───── Data for review ─────

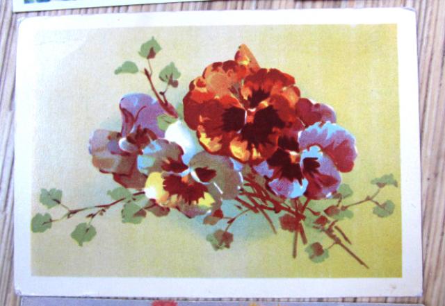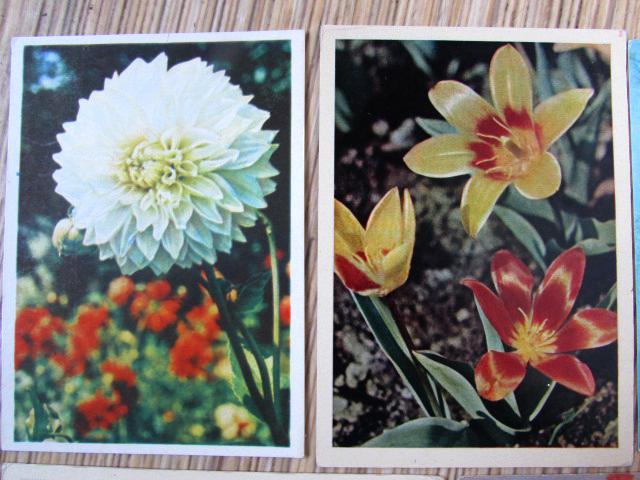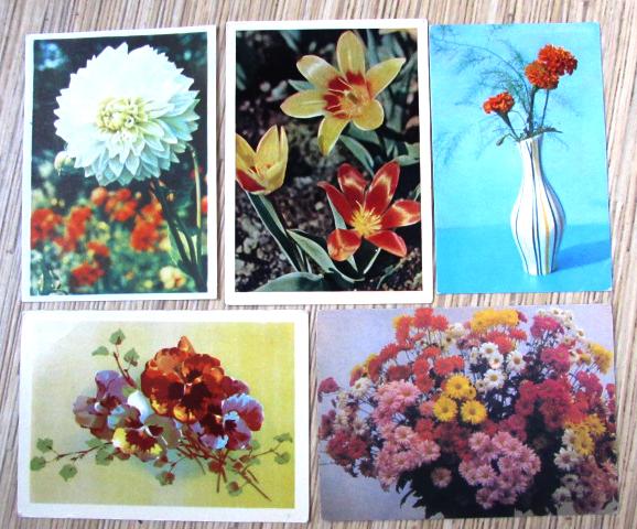 Vieneto kaina - 0.50 eur. Chrizantemų puokštė - 1971 m. Jurginas - 1966 m. Tagetės vazelėje - 1973 m. Žemos tulpės -1964 m. Našlaitės - 1970 m. Perkant visas 5 atvirutes, kaina 2 eurai.
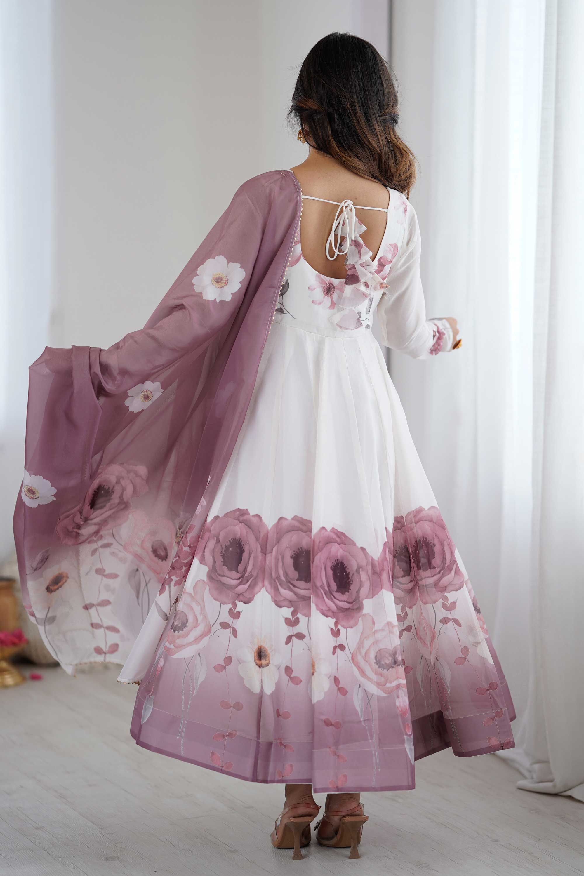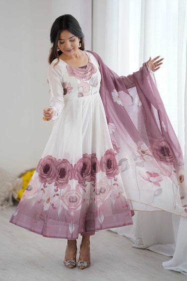 Bring charm to any occasion with the Majesty Floral Print Readymade Anarkali Dress. This beautifully designed outfit combines a lively floral pattern with a figure-enhancing Anarkali fit. Perfect for festive celebrations or casual evenings, the dress balances style and ease with its soft, comfortable material and pre-stitched convenience. The sophisticated design ensures you always look your best, while its versatile look pairs effortlessly with heels, flats, or sandals. Whether attending a cultural event or enjoying a relaxed outing, this dress adds an instant touch of grace to your appearance.
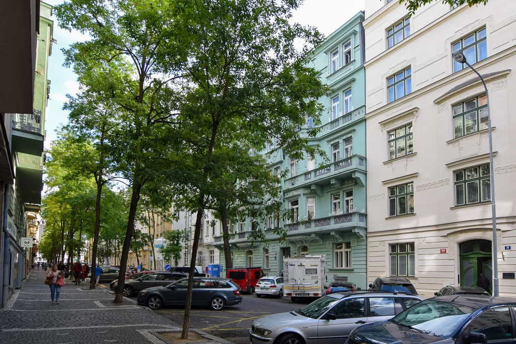 Ulice je klidná, jednosměrná a plná vzrostlých stromů.
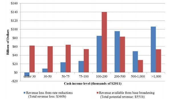 The graph shows that cutting individual income tax rates by 20 percent from today’s levels would reduce tax burdens by $251 billion per year (in 2015) among households with income. Governor Romney has explicitly promised to retain current preferences for dividends and capital gains ... if we assume a strict interpretation of the second goal  ... there are only $165 billion of available tax expenditures to close in that group if tax rates are cut).
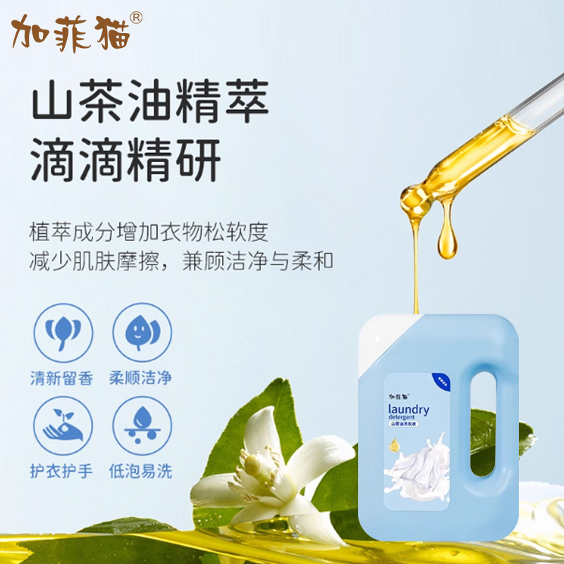 加菲猫宝宝山茶油洗衣液 儿童衣物清洁尿布柔顺手洗幼儿椰油皂液
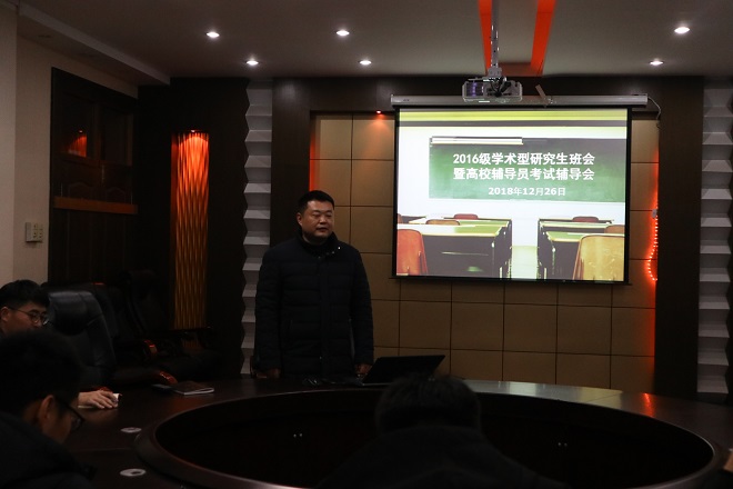 12月26日晚,2016级学术型研究生班在学院五楼会议室召开高校辅导员招考培训会。培训会由研究生秘书陈霄主讲,2016级学术型研究生代表参加了此次培训会。
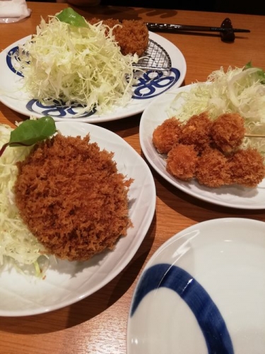 夫はヒレカツ単品。私は、おつまみチーズ串とカニと胡瓜のサラダにしようとしたら、サラダは品切れとのことで、黒豚メンチカツを1つ。あと、ウーロンハイ。
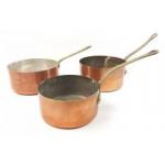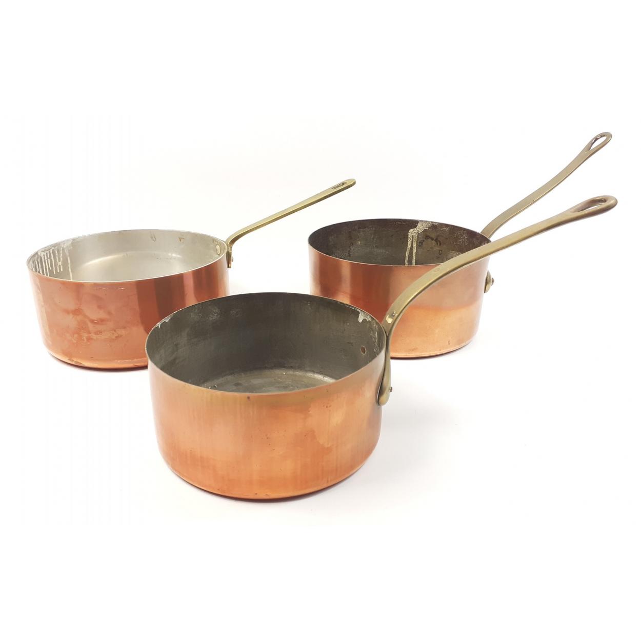 A trio of ANTIQUE brass handled and copper saucepans - largest 21cm diameter approx

─────

=== Activity ===
From the line containing "加菲猫宝宝山茶油洗衣液 儿童衣物清洁尿布柔顺手洗幼儿椰油皂液" to the last line of the records above, return each line exactly, both ends included, and nothing more. Leave out the pictures.

=== Answer space ===
 加菲猫宝宝山茶油洗衣液 儿童衣物清洁尿布柔顺手洗幼儿椰油皂液
 12月26日晚,2016级学术型研究生班在学院五楼会议室召开高校辅导员招考培训会。培训会由研究生秘书陈霄主讲,2016级学术型研究生代表参加了此次培训会。
 夫はヒレカツ単品。私は、おつまみチーズ串とカニと胡瓜のサラダにしようとしたら、サラダは品切れとのことで、黒豚メンチカツを1つ。あと、ウーロンハイ。
 A trio of ANTIQUE brass handled and copper saucepans - largest 21cm diameter approx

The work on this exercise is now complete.